Vulliet F
Acta Leprol. 1995;9(4):179-82.
In 1990 Kapolowé was, without a doubt, the site of the only surgical centre in Zaire dealing with handicaps which developed in as an after-effect of leprosy. It would be useful to explain the hazards involved in such a venture for reasons which do not pertain to medicine but, rather, to particularly trying socio-political circumstances. The best surgical expertise was thrown out for political reasons. Insecurity and economic hardships practically halted movement and, consequently, the wider application of such expertise. During a mission in 1994, there was a partial resumption of activities. The surgical team was reinstalled and made operational. It had been possible to state that multidrug therapy (MDT) had always ensured that the disabled leprosy patients, living in groups, and treated before 1990 under regular supervision, did not experience serious relapses. That fact corroborates earlier information relating particularly to surgical decompression. Although most of them were able to resume a certain measure of professional activity, social factors must still be borne in mind and the concept of partial permanent disability must be applied.

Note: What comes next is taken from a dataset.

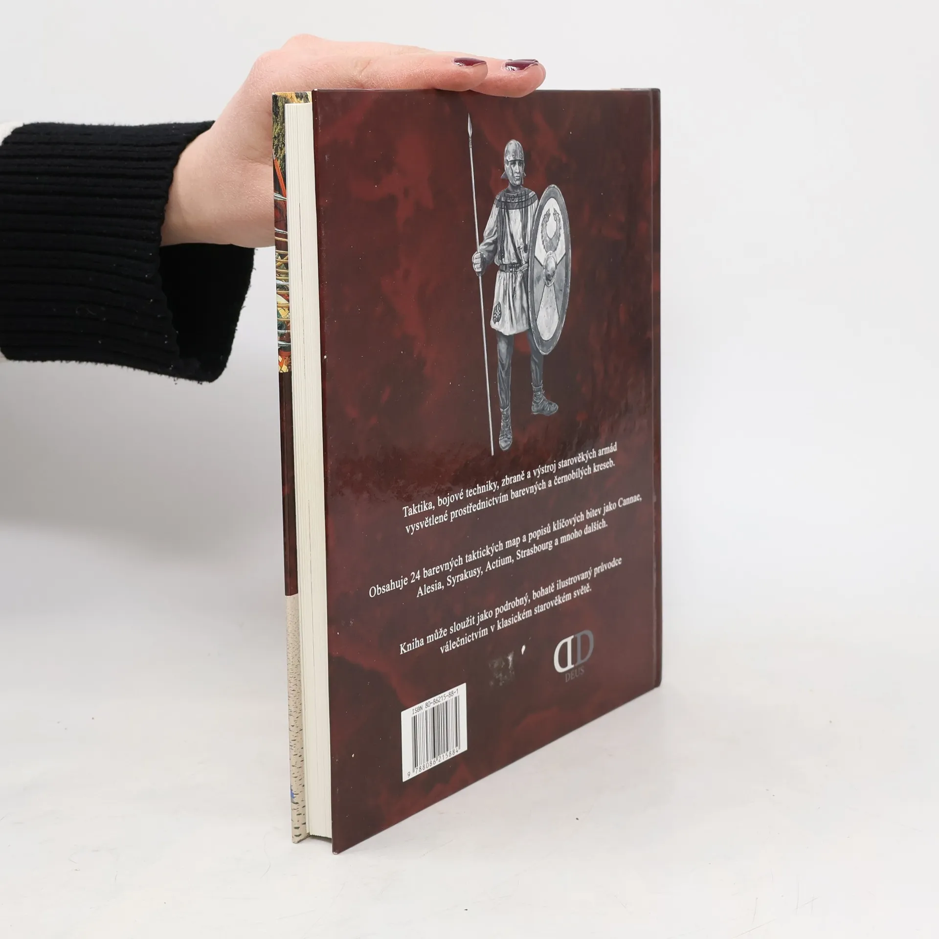 Bohatě ilustrovaná publikace přibližuje taktiku, bojové techniky, zbraně a výstroj starověkých armád od třetího tisíciletí před naším letopočtem do roku 500 našeho letopočtu. Základní informace o roli pěchoty a jízdního vojska coby hlavních součástí starověkých armád doplňuje pohled na dobovou roli velících složek a výklad průběhu nejslavnějších bitev starověku. Přílohu tvoří dvacet čtyři taktických map a popisů klíčových bitev (např. Cannae, Alesia, Syrakusy, Actium). (mlp.cz)... celý text

1990年,卡波洛韦无疑是扎伊尔唯一一家处理因麻风病后遗症导致残疾问题的外科中心所在地。出于与医学无关、而是与特别棘手的社会政治环境相关的原因,解释一下这样一项事业所涉及的风险是很有必要的。出于政治原因,最优秀的外科专业知识被摒弃。不安全和经济困难实际上使人员流动停滞,因此,此类专业知识的广泛应用也受到阻碍。1994年的一次任务期间,活动部分恢复。外科团队重新组建并投入运作。可以说,联合化疗(MDT)一直确保那些在1990年之前接受定期监督、集体生活的残疾麻风病患者没有出现严重复发。这一事实证实了早期特别是与手术减压相关的信息。尽管他们中的大多数人能够恢复一定程度的职业活动,但仍必须考虑社会因素,并应用部分永久性残疾的概念。